Employee surveillance is becoming ever more pervasive in the workplace. New technologies make it easier to monitor employee performance and behaviour. Ian MacRae and Toni-Ann Murphy look at some of the potential problems.
Surveillance has already gone far beyond just CCTV cameras and the occasional performance review. It is now possible to monitor everything from all online communication, health and physiological information, potentially even with implants which allow the human brain to interact with computers.
But what impact does surveillance have on employee performance, morale and perceptions of employers? How would you like to have a small computerised device implanted under your skin to replace a workplace ID card?
Employee ID implants are not science fiction, a company in Wisconsin called Three Square Market already uses them. The chip allows employees to do things like opening company doors, purchasing food and logging into company computers. No ID cards or passwords necessary, just a flick of the wrist.
Violation of privacy?
Not everyone likes to be monitored however, and a recent study by Samaranayake and Gamage found the more employees felt their privacy to be violated at work, the more dissatisfied they were at work.
When employees feel like surveillance is unnecessary or too intense, they are more likely to find ways to subvert that same surveillance. They may be more likely to sabotage surveillance systems or try to find ways to trick the monitoring.
It may seem to be useful to monitor employees, especially as the tools for monitoring employees become more pervasive, more refined and more cost-effective.
Yet when surveillance is excessive it can lead to employee stress, distrust of employers and lead to suspicion within teams and within the company.
When employees feel excessively monitored and controlled by the company it tends to detract from their sense of independence and autonomy, which can then reduce their productivity.
Intrusive and pervasive surveillance can be bad for motivation and consequently, performance.
Risks of surveillance
Employee surveillance and monitoring should not be mentioned without reference to the digital data being collected.
The smallest to the largest data collection systems will be stored digitally, and are consequently vulnerable to exploitation.
Data breaches in employee or consumer data is estimated by IBM to cost companies about $1.5 billion every year.
These numbers will certainly continue to rise quickly as the breadth and scale of electronic data collection continues to grow.
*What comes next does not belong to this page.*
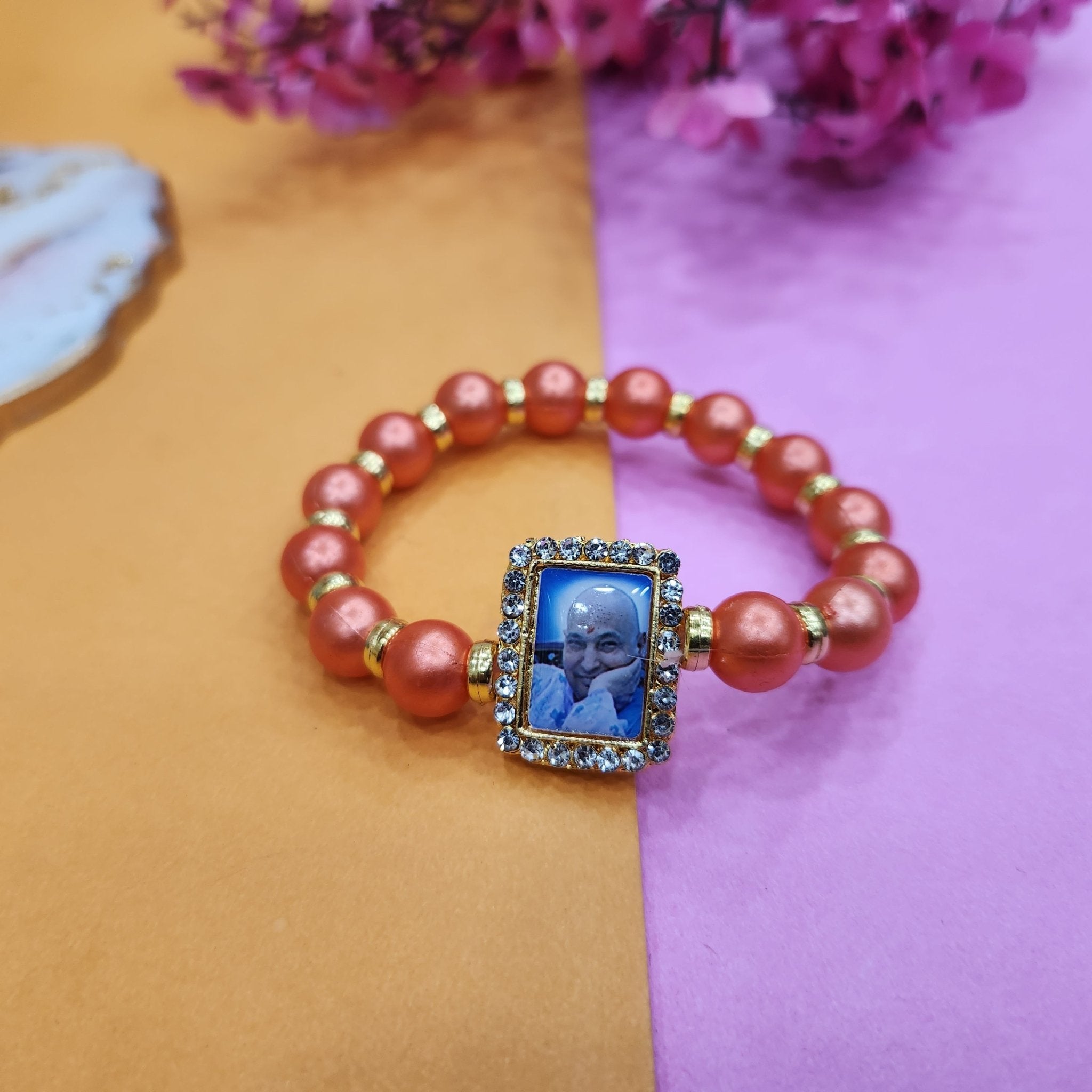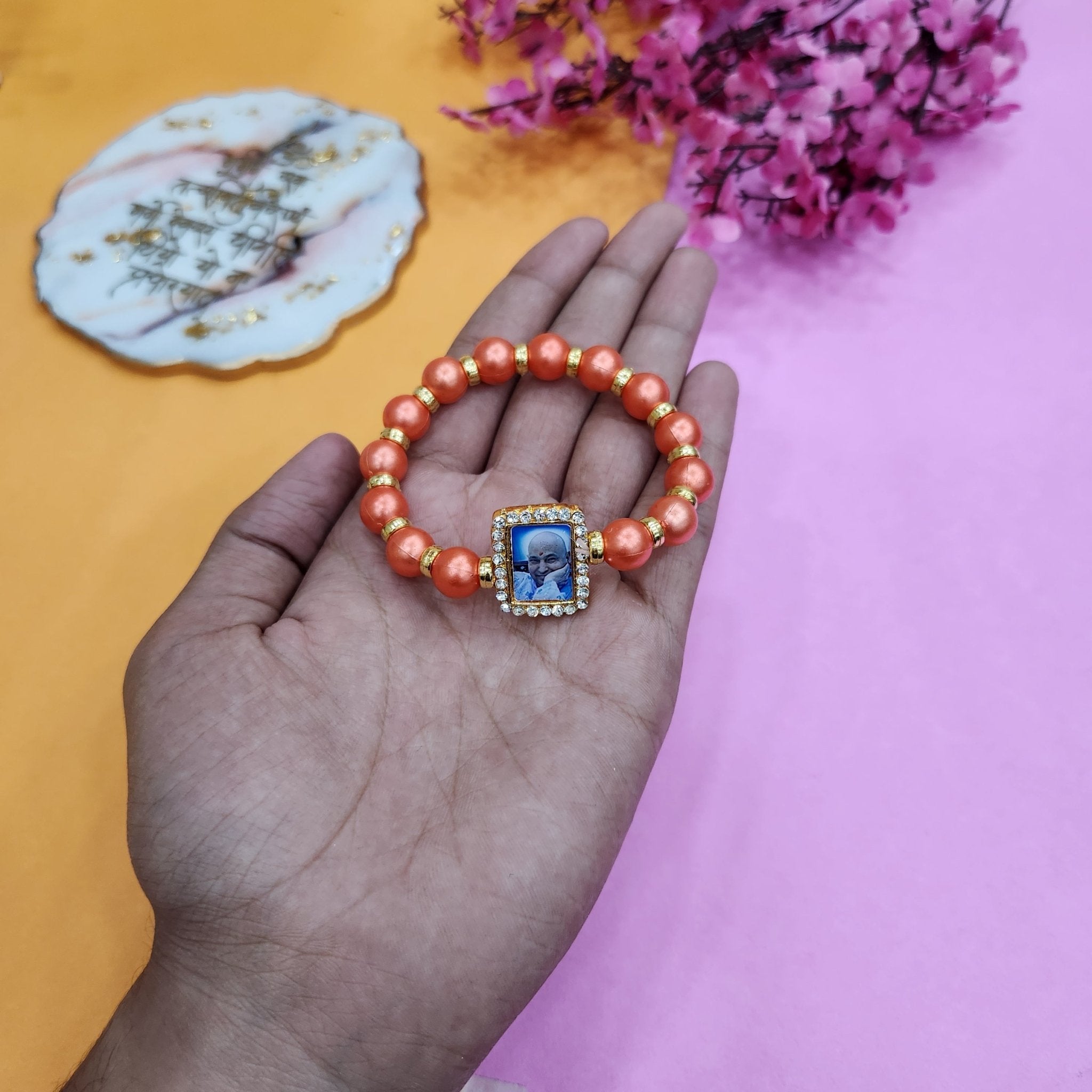 • Item Name: Round Pearl Bracelet with Jai Guruji Swaroop Handmade Bracelets for Men and Women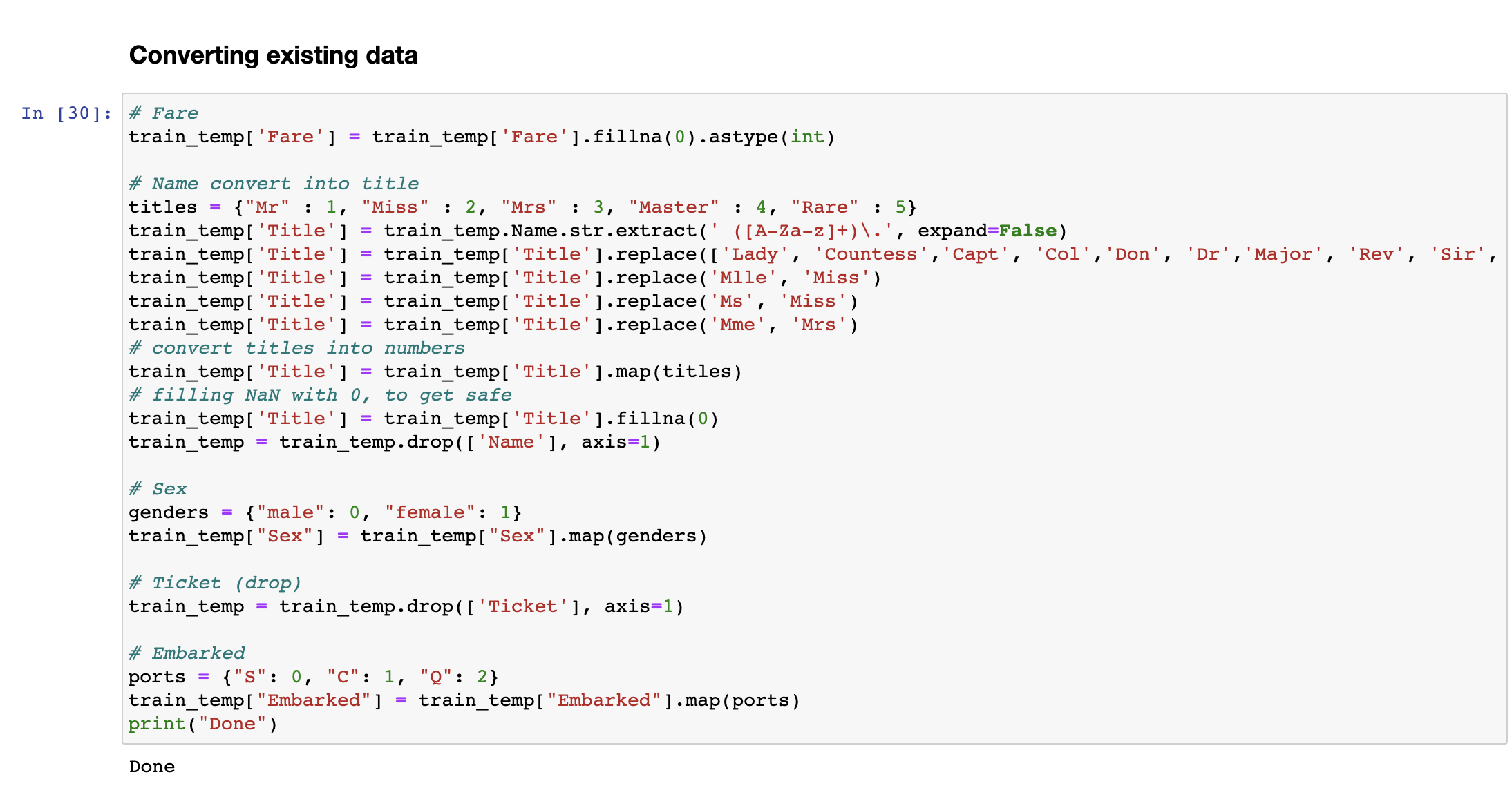 성별의 경우 학습에 용이하게끔 남자는 0, 여자는 1로 Mapping하여 넣어 주었고, Embarked도 마찬가지로 0, 1, 2로 카테고리화 하여 해당 정수로 값을 채워넣었습니다.

The more sensitive the data, the more costly and difficult the breach of corporate data was to resolve.
Companies large and small have data stolen, which can cause serious problems. Consider examples such as communications company TalkTalk, entertainment companies like Sony and even the Democratic Party have suffered massive data breaches.
Collecting data from or about employees must consider a cost-balance approach. What are the benefits and uses of collecting the data? And what are the potential costs or consequences if the data is compromised or stolen?
It should be assumed that any electronic data can potentially be stolen electronically. The benefits of collecting the data must outweigh the potential costs. And proper procedures must be put in place to deal with any eventualities in data leaks, hacks or release.
Data collection can be positive
So we have established that collecting data about employees does carry a risk. That said, there is some evidence to suggest that monitoring performance electronically can have positive effects.
There are a few important points, however, to mention. Electronic monitoring has been found to be effective when it is clear, specific and targeted at specific measures of performance. It should not be indiscriminate, it should be used for a clearly-defined and well-explained purpose.
Research into the impact of monitoring by Bartels and Nordstrom in 2012 found that when electronic performance monitoring was directly linked to rewards or consequences for performance, it was effective.
Performance was not improved when employees were monitored with no explanation, when surveillance was not tied to performance measures or rewards, or when surveillance was used for vague purposes.
Monitoring is more effective when it can be combined with a clear performance management framework and linked with employee compensation and benefits.
The nature of the monitoring and reason for it should be clearly communicated to employees. When monitoring is transparent, sensible and proportionate, it is much more likely to improve performance.
Put simply, surveillance or monitoring can be useful when used in a careful, informed and strategic way. Indiscriminate data collection without direction can create more problems than it solves.